[Records from a data collection]
··········

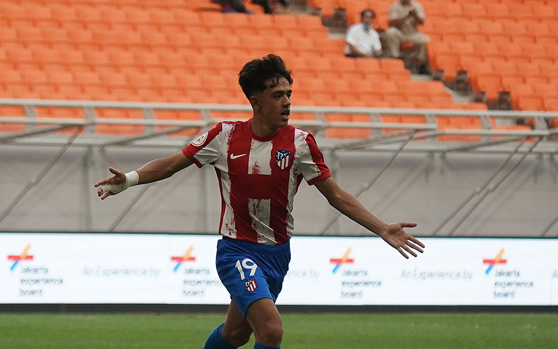 Pemain Atletico Madrid U-18, Iker Luque Sierra(19) berselebrasi usai berhasil membobol gawang Bali United U-18 pada pertandingan perdana turnamen International Youth Championship yang digelar di Jakarta International Stadium, Rabu (13/3/2022). Foto : Ady Sesotya/sportsmoment.id
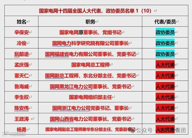 据初步统计,两大电网的代表、委员有23名,其中国家电网20名,南方电网3名。辛保安已于2024年两会后不久退休,现职为全球能源互联网发展合作组织主席,并任第十四届全国政协委员、人口资源环境委员会委员。南方电网董事长孟振平为十四届全国政协委员。
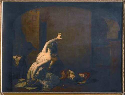 The moment when Juliet awakes in the tomb to find Romeo's dead body and the empty cup of poison beside it. Seizing the dagger, she is about to kill herself.
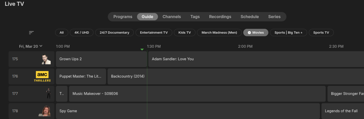 Is there a way to get the categories to display on the Firestick app, similar to how they do on the web app? when I click sort it lets me select categories, presumably to display, but the actual categories do not display and I just have a guide of ALL channels
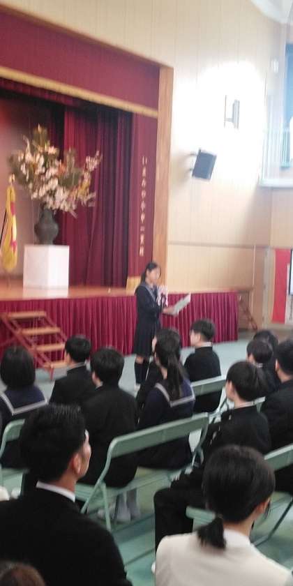 晴天の下、桜が満開に咲き誇る中で入学式を行うことができました。新七年生はしっかりとした足取りで入場し、続いての新一年生は少し緊張した面持ちでしたが、お友だちと仲良く入場することができました。校長先生やPTA会長のお話をしっかりと聞くことができ、とてもよく頑張っていました。

··········

*YOUR INSTRUCTIONS*. The data must be reproduced exactly, and no picture may appear in the copy.

*YOUR RESPONSE*.
 Pemain Atletico Madrid U-18, Iker Luque Sierra(19) berselebrasi usai berhasil membobol gawang Bali United U-18 pada pertandingan perdana turnamen International Youth Championship yang digelar di Jakarta International Stadium, Rabu (13/3/2022). Foto : Ady Sesotya/sportsmoment.id
 据初步统计,两大电网的代表、委员有23名,其中国家电网20名,南方电网3名。辛保安已于2024年两会后不久退休,现职为全球能源互联网发展合作组织主席,并任第十四届全国政协委员、人口资源环境委员会委员。南方电网董事长孟振平为十四届全国政协委员。
 The moment when Juliet awakes in the tomb to find Romeo's dead body and the empty cup of poison beside it. Seizing the dagger, she is about to kill herself.
 Is there a way to get the categories to display on the Firestick app, similar to how they do on the web app? when I click sort it lets me select categories, presumably to display, but the actual categories do not display and I just have a guide of ALL channels
 晴天の下、桜が満開に咲き誇る中で入学式を行うことができました。新七年生はしっかりとした足取りで入場し、続いての新一年生は少し緊張した面持ちでしたが、お友だちと仲良く入場することができました。校長先生やPTA会長のお話をしっかりと聞くことができ、とてもよく頑張っていました。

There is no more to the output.